Featured Research

from universities, journals, and other organizations

Study shows how bookmarking genes pre-cell division hastens their subsequent reactivation

Date:
October 10, 2011
Source:
Cold Spring Harbor Laboratory
Summary:
By observing and measuring the kinetics of activation of a single gene locus in a cell before it divides and comparing it with the same gene's reactivation in newly formed daughter cells, scientists have discovered how how bookmarking a gene pre-division causes it to get reactivated post-division.
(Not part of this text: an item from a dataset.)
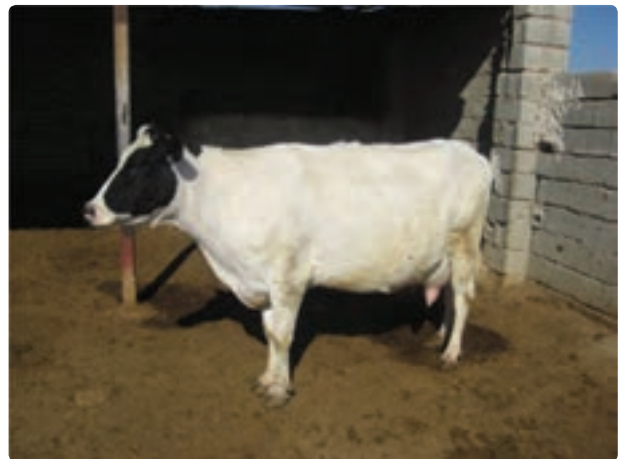
شکل ۱۹-۶- گاوداری صنعتی

علاوه بر فعالیتهای زراعی و باغی در زمینه دامپروری و تولیدات دامی و پرورش آبزیان و ماهیان پرورشی روستائیان و عشایر فارس توانسته‌اند سهم عمده‌ای از تولید گوشت قرمز و سفید کشور را به خود اختصاص دهند. جدول ۲-۶ بخشی از فعالیتهای دامپروری و تولیدات آن را در سال ۱۳۸۶ نشان می‌دهد.

In order for cells of different types to maintain their identities even after repeated rounds of cell division, each cell must "remember" which genes were active before division and pass along that memory to its daughter cells. Cells deal with this challenge by deploying a "bookmarking" process. In the same way a sticky note marks the last-read page in a book, certain molecules tag the active genes in a cell so that, after it divides, the same genes are reactivated right away in the new cells.

Related Articles


"What we didn't know, however, was how bookmarking a gene pre-division causes it to get reactivated post-division," says CSHL Professor David L. Spector, Ph.D. By observing and measuring the kinetics of activation of a single gene locus -- the specific chromosomal location of a gene -- in a cell before it divides and comparing it with the same gene's reactivation in newly formed daughter cells, Spector and his team have now arrived at the answer to this question. Their study appears online in Nature Cell Biology on October 9.

During cell division, or mitosis, there is a temporary blackout of all gene activity within the cell. The cell's chromatin -- the coils of chromosomal DNA wrapped around histones (proteins that package DNA) -- becomes tightly compacted; most proteins that normally cling to chromatin to maintain gene expression are stripped away; and transcription -- the copying of DNA into RNA -- comes to a halt. When division ends, the chromatin in the new cells de-compacts or relaxes, transcription-regulating proteins are recruited to specific sites in the chromatin and gene transcription begins anew.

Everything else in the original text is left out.